The HDAM fabrication process is shown in Figure 3: (a) a Ti wafer was coated with OAP (Tokyo Ohka Kogyo Inc.) as a primer, a positive AZ was applied by spin coating. (b) Copper film is created on the top of AZ using vacuum vapor deposition. (c) Once again, AZ photoresist was coated on the copper layer. (d) The AZ photoresist was patterned by photolithography. The Cu layer was etched using nitric acid (HNO3) 1:20 H2O. (e) The photoresist was removed by UV exposure and development processes. (f) The Ti wafer was etched using HF 1:10 H2O. (g) The AZ was removed using acetone (copper was stripped with AZ removal). (h) The microcavity was formed by using a thin layer of PDMS to bond two or more Ti wafers. (i) A thin PDMS membrane was formed on a glass substrate, bonded to the contact-part Ti wafer with UV-curable resin, and then exfoliated from the glass substrate.
This is the critical step of the fabrication process. Because of its brittle nature, successful exfoliation yield of the silicon layer was poor. To insure high-yield fabrication, we chose a titanium layer which is more ductile than silicon. (j) Glycerin was encapsulated in the chamber when a UV-curable resin was used to bond a thin PDMS membrane to the driver-part Ti wafer in a glycerin solution. This bonding-in-solution approach ensures that the encapsulated glycerin is bubble-free. (k) Ti plate etched with a small opening was bonded to PDMS membrane using a thin layer of PDMS.

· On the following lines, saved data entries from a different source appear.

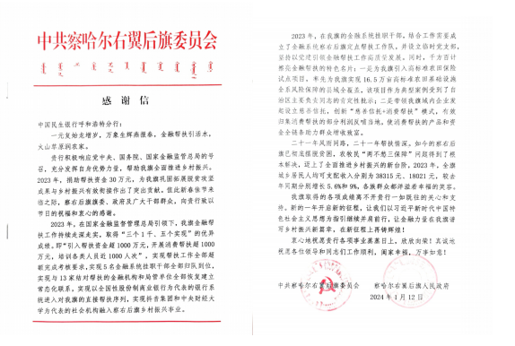 近日,中国民生银行呼和浩特分行收到察哈尔右翼后旗旗委、旗政府的感谢信。信中表示,分行积极响应党中央、国务院、国家金融监管总局的号召,充分发挥自身优势力量,为全旗巩固拓展脱贫攻坚成果与乡村振兴有效衔接作出了突出贡献。
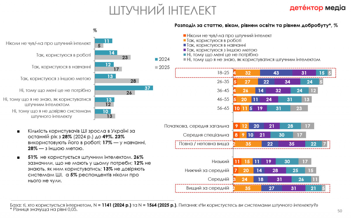 Водночас 51% опитаних не користується штучним інтелектом, 26% зазначили, що не мають у цьому потреби, 12% не знають, як ним користуватись, 13% не довіряють системам ШІ, а 5% респондентів ніколи про нього не чули.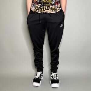 Vintage Y2K Adidas Joggers Mens M Soccer Style Slim Fit Jet Black Sweatpants

3. Optimization of the Amplification Ratio

The first step to obtain a highly efficient amplification mechanism is to determine the influence of the three unfixed parameters on the amplification ratio to optimize our HDAM. Nevertheless, amplification is due to a top area smaller than the bottom one so if we only modify the depth of the chamber it will not influence the displaced volume by actuators nor the amplification ratio. This means we have to focus our study on the diameter of the contact part and the top PDMS membrane thickness.

3.1. Experimental Results

To determine which design affords the best amplification ratio, we fabricated devices with various contact part sizes for each of the HDAM created with 90, 95, 100, 105 and 110 μm-thick top PDMS membranes. The amplified displacement was measured optically with a digital microscope when the drive part was pushed up by a pin whose displacement was controlled precisely by a Z-axis stage.
Figure 4 represents the amplification ratio depending on contact part size for different membrane thicknesses. The experiments show two results: first, we observe that the thinner the PDMS membrane is, the better the amplification; second, an optimal amplification ratio is obtained for one specific contact part size. Our best HDAM is able to create an up to 18-fold displacement amplification for a 90 μm-thick membrane and 460 μm-diameter contact part. Such a large displacement amplification is a great achievement in the field of micro-domain actuators.
A simple thinking about the mechanism used would lead us to think amplification ratio is linked to the cross-sectional ratio (drive part area over contact part area) and bigger cross-sectional ratio leads to better amplification. The experiments proved this to be wrong, so to understand the existence of an optimal design, we performed FEM analysis.

3.2. FEM Analysis

For FEM analysis, we used the MSC.MARC Mentat software to represent the deformed state of the top PDMS membrane under a uniform pressure for different membrane thicknesses and contact part sizes (Figure 5). PDMS membrane behavior was modeled by implementing a stress-strain curve obtained from a tensile test.
For an identical volume of displaced liquid under the membrane, we can compare deformation shapes for different contact part sizes (Figure 6). According to the experimental results, we found an optimal value for contact part size. Explanation is found from captures of deformed membranes, too large contact area leads to small cross-sectional area ratio and too small contact area prevents the membrane from popping up. Indeed, when contact part area becomes too small, the emerged membrane part is extremely stretched and the membrane part located under the titanium plate is compressed by glycerin. Then, displaced liquid by PZT actuator remains under the compressed membrane and does not create greater amplification. Also, a thinner membrane limits compression effect so increases amplification ratio.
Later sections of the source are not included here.